Бенгт Янгфельдт - Ставка жизнь. Владимир Маяковский и его круг.
В 1922 году Татьяна тоже заболела туберкулезом, вероятно заразившись от отчима, и ее дядя, Александр Яковлев, проживавший в Париже, при содействии промышленника Андре Ситроена устроил ей возможность приехать во Францию. Летом 1925 года, когда Татьяне едва исполнилось девятнадцать, она прибыла в Париж, где уже несколько лет жили ее бабушка и тетушка Сандра, оперная певица, часто выступавшая вместе с Шаляпиным.
Первые годы Татьяна заботилась о своем здоровье и в свет не выходила, но появившись наконец в высших кругах Парижа, сразу произвела фурор. Высокая, ростом около ста восьмидесяти сантиметров, с длинными ногами, она отличалась необыкновенной привлекательностью и была постоянно окружена вниманием мужчин, среди которых был нефтяной магнат Манташев.

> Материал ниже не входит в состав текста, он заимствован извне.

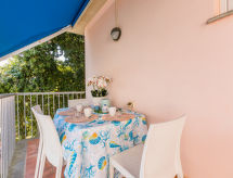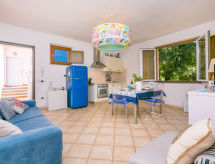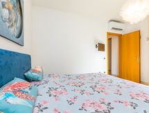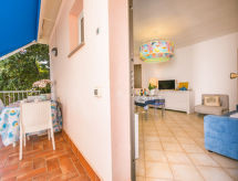"Adduci", 2-rums-lägenhet 54 m2 på 1. våningen. Rymlig och ljus, komfortabelt och vackert inredd: vardags-/sovrum med 1 bäddsoffa för 2 personer, matbord och digital-TV. Utgång till terrassen. 1 dubbelrum med digital-TV. Öppet kök (diskmaskin, 4 Induktionshäll, brödrost, vattenkokare). Dusch/bidé/toalett. Eluppvärmning, luftkonditionering (extra). Liten balkong 6 m2. Balkongmöbler. Till förfogande: tvättmaskin, hög barnstol, barnsäng för barn under 2 år, hårtork. Internet (Trådlös LAN [WLAN] , gratis). Notera: 1 husdjur/hund tillåtet. Ingen hiss.- Kännetecken för boendet
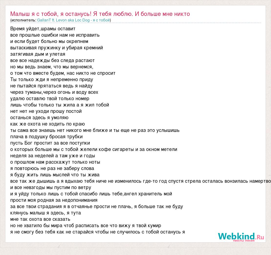 Главная→Исполнители→GallanT ft. Levon aka Loc Dog - я с тобой→Малыш я с тобой, я останусь! Я тебя люблю. И больше мне никто
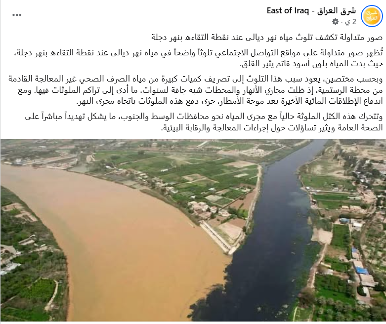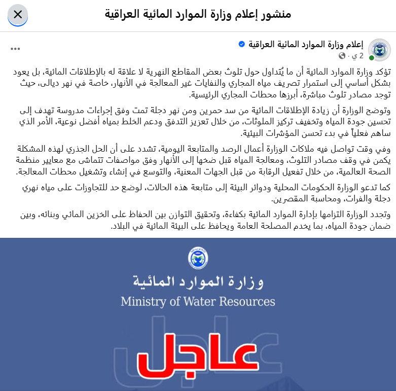 هذا المحتوى الذي قدمته قناة "العراقية"، يتطابق مع بيان نشرته وزارة الموارد المائية في 9 أبريل، بخصوص حالة التلوث التي شهدها نهر ديالى ونهر دجلة منذ مطلع شهر أبريل، حيث أكدت الوزارة أن ما يُتداول حول تلوث بعض المقاطع النهرية لا علاقة له بالإطلاقات المائية من سد حمرين، بل يعود بشكل أساسي إلى استمرار تصريف مياه المجاري والنفايات غير المعالجة في الأنهار، خاصة في نهر ديالى، حيث توجد مصادر تلوث مباشرة، أبرزها محطات المجاري الرئيسية، مؤكدة أن زيادة الإطلاقات المائية من سد حمرين ونهر دجلة تمت وفق إجراءات مدروسة تهدف إلى تحسين جودة المياه وتخفيف تركيز الملوثات.

Благодаря своей внешности она вскоре начала работать статисткой в кино и манекенщицей у Шанель, кроме того, рекламировала чулки на афишах, которые висели по всему Парижу. Она также зарабатывала, изготавливая шляпки, что впоследствии станет ее профессией. Ее дядя Александр был известным путешественником и успешным художником, и он познакомил Татьяну с людьми искусства — писателем Жаном Кокто и композитором Сергеем Прокофьевым (с которым накануне первой встречи с Маяковским она играла в четыре руки Брамса).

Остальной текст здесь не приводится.